YouTube’s updated misinformation policies led to less bullshit on Facebook and Twitter
YouTube has a major influence on social media platforms.
YouTube has a massive name in the online video world and the platform has a lot of power over some of the content shared on other platforms. New research shows that policies put in place by YouTube have led to less misinformation on other platforms.
New research from the Center for Social Media and Politics at New York University shared with The New York Times shows how a YouTube policy change led to a decrease in misinformation across Facebook and Twitter.
Just after the November 3rd election, YouTube began seeing a huge surge in misleading videos claiming that the election results were rigged or fraudulent. The platform made changes to its policies in December that saw many of these kinds of videos being removed.

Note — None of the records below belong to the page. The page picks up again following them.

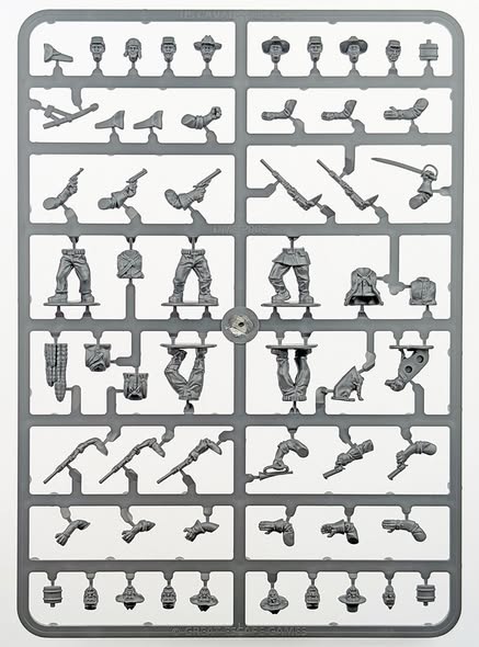 Armed with pistols, carbines, and frontier grit, they bring discipline and firepower to a town where justice walks tall and trouble never sleeps. The figures in this box set can be used to represent either the U.S. Cavalry or Buffalo Soldiers Factions from Dead Man’s Hand. Includes 10 multipart plastic miniatures with more customisation options than a quartermaster on payday. The sprue’s packed with pistols, cavalry carbines, and everything you need to arm your troop, optional extras include a trusty dog, ready to sniff out trouble or steal the scene.
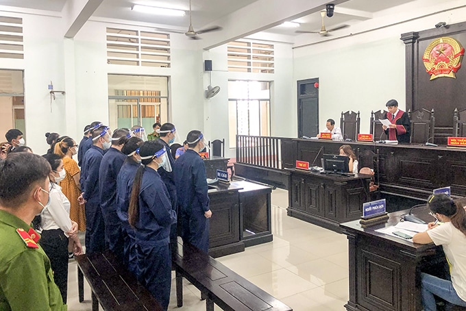 - Chín bị cáo gồm: Lê Nhật Linh (SN 1999), Trần Thị Phước Hòa (SN 2000), Hồ Thị Mỹ Luy (SN 2000), Lê Thị Thanh Truyền (SN 1999), Trương Vân Anh (SN 2000), Lê Mai Ánh Thiên (SN 1996), Nguyễn Thị Bích Thuận (SN 1997), Huỳnh Văn Toản (SN 1998) và Nguyễn Thị Thảo (SN 1990): cùng mức 2 năm 3 tháng tù;
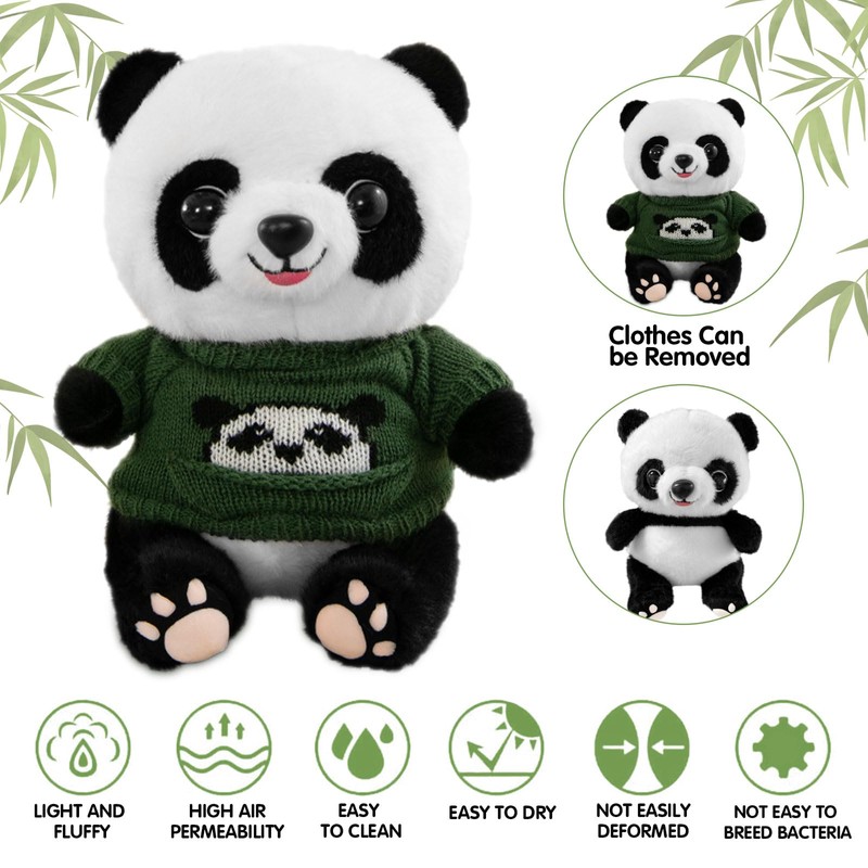 - Panda plush toy: This cute cuddly toy panda is 25 cm long. The large eyed panda plush toy wears small clothes and is innocent and cute. It gives people a better feeling, Panda bear cuddly toys are available in green jumper, blue sweater and red sweater and give people different feelings.

As a result of this, research shows that, in addition to a drastic decrease in misinformation on YouTube, other platforms saw a similar decrease, including Facebook and Twitter.
From December 8, when the policy was changed, to the end of January this year, Twitter saw its share of election-related posts that linked to misleading videos claiming election fraud fall from 35 percent down to 7 percent. In the same time period, Facebook’s election fraud posts fell from 16 percent to 2 percent.
While these findings may not be super surprising to some, it really sheds some light on how big of a role that YouTube videos play on social media. Just by adjusting a couple of policies, the company was able to snuff out tons of misinformation across multiple platforms.